Jorie Graham to read Pulitzer-winning poetry at Tulane

jorie graham

Courtesy of Mariana Cook

Jorie Graham, Pulitzer Prize-winning poet, photographed in 1999. The poet has won numerous awards, including a MacArthur Genius Grant.

Update: This event has been postponed to an undecided date. Once Newcomb College Institute schedules a new date, a further update will be provided.

“A poem is a private story, after all, no matter how apparently public. The reader is always overhearing a confession.” – Jorie Graham

In true confessional spirit, baring her soul to a Tulane audience, Pulitzer Prize-winning poet Jorie Graham will be reading her poetry at 7 p.m. Monday, Nov. 6 in Freeman Auditorium.

Graham was selected as the 2017 Arons Visiting Poet, an initiative sponsored by the Newcomb College Institute. She will host a poetry workshop centered on the theme “the power of the image” with Tulane professors, high school creative writing teachers and pre-selected Tulane students.

The Florie Gale Arons program brings a distinguished female poet to campus every year. Past visiting poets have included Natasha Tretheway, Tracy K. Smith and Colette Inez.

Molly Pulda, co-facilitator of the Arons Poetry Program and professor of women’s literature at Tulane, helped to organize the event.

“I’m looking forward to hearing Ms.

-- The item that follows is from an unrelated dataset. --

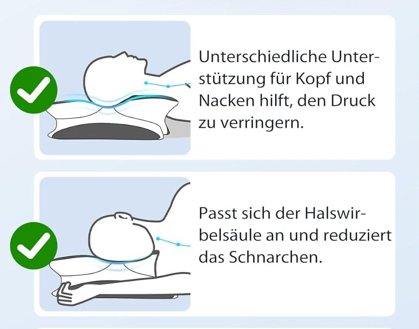 Das Kissen unterstützt gezielt die natürliche Ausrichtung deiner Wirbelsäule – dadurch werden Druckpunkte reduziert und Verspannungen im Nacken- und Schulterbereich effektiv gemindert.
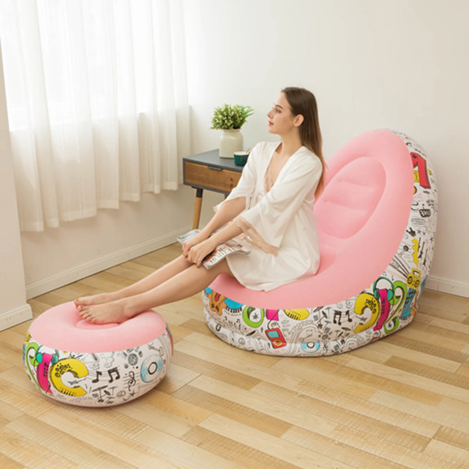 Портативный надувной диван-стул для отдыха с подставкой для ног, табурет, уличная мебель Характеристики: Этот продукт разработан согласно эргономике, что может поддержать ваше тело и позволить вам комфортно сидеть. Легко надувать, это займет всего несколько минут в соответствии с простыми этапами выполнения. Этот надувной диван изготовлен из материалов премиум-класса, который очень мягкий для сидения, сна и отдыха. Более того, он подходит для наружного и внутреннего использования, а также может использоваться в качестве украшения дома. Меры предосторожности: Не надувайте и не спешите в газ высокого давления. Избегайте прыжков на надувном изделии или Избегайте размещения надувного изделия рядом с пламенем или высокотемпературными предметами Если он не используется в течение длительного времени, его следует сложить и поместить в ровное и темное место во избежание чрезмерного трения и острых предметов Естественная утечка воздуха надувных изделий является нормальной Название товара: надувной диван Материал: ПВХ, флокирование Подходит для людей: взрослых Применимые сценарии: использование на открытом воздухе и в помещении, кемпинг, туризм, Пляжное плавание, барбекю на открытом воздухе, парки, задние дворы Особенности: мягкий на ощупь, хорошее украшение, легко надувать, портативный Размер игрушки: 25 см x 23 см x 10 см/9,84 дюйма x 9,06 дюйма x 3,94 дюйма (прибл.) Размер надутого дивана: 116 см x 98 см x 83 см/45,7 дюйма x 38,6 дюйма x 32,7 дюйма (прибл.), надувной круглый стул: 62 см x 62 см x 31 см/24,4 дюйма x 24,4 дюйма x 12,2 дюйма (прибл.) Примечания: Из-за разницы в освещении и настройках экрана цвет товара может сильно отличаться от изображений. Замеры сделаны вручную, поэтому возможны незначительные отклонения в размерах. Посылка входит: 1 надувной диван 1 стул

Graham’s reactions to a wide range of works and to watching the participants’ poems take new shape over the course of the workshop,” Pulda said, in a New Wave article.

The Poetry Foundation calls Graham, “one of the most celebrated poets of the American post-war generation.” In addition to the 1996 Pulitzer Prize for Poetry, she was chosen as the Chancellor of the Academy of American Poets from 1997-2003 and was awarded a John D. and Catherine T. MacArthur fellowship, the same award that Tulane associate professor Jesmyn Ward was just granted.

Graham writes about themes including art, history and philosophy, drawing great inspiration from modernists T. S. Elliot and William Butler Yeats.

As Graham once famously said, poetry should not be soothing but instead thought-provoking. Reading her ornate writing and resonant themes, Graham will share her expressive philosophy of life, possibly challenging students with her award-winning literature.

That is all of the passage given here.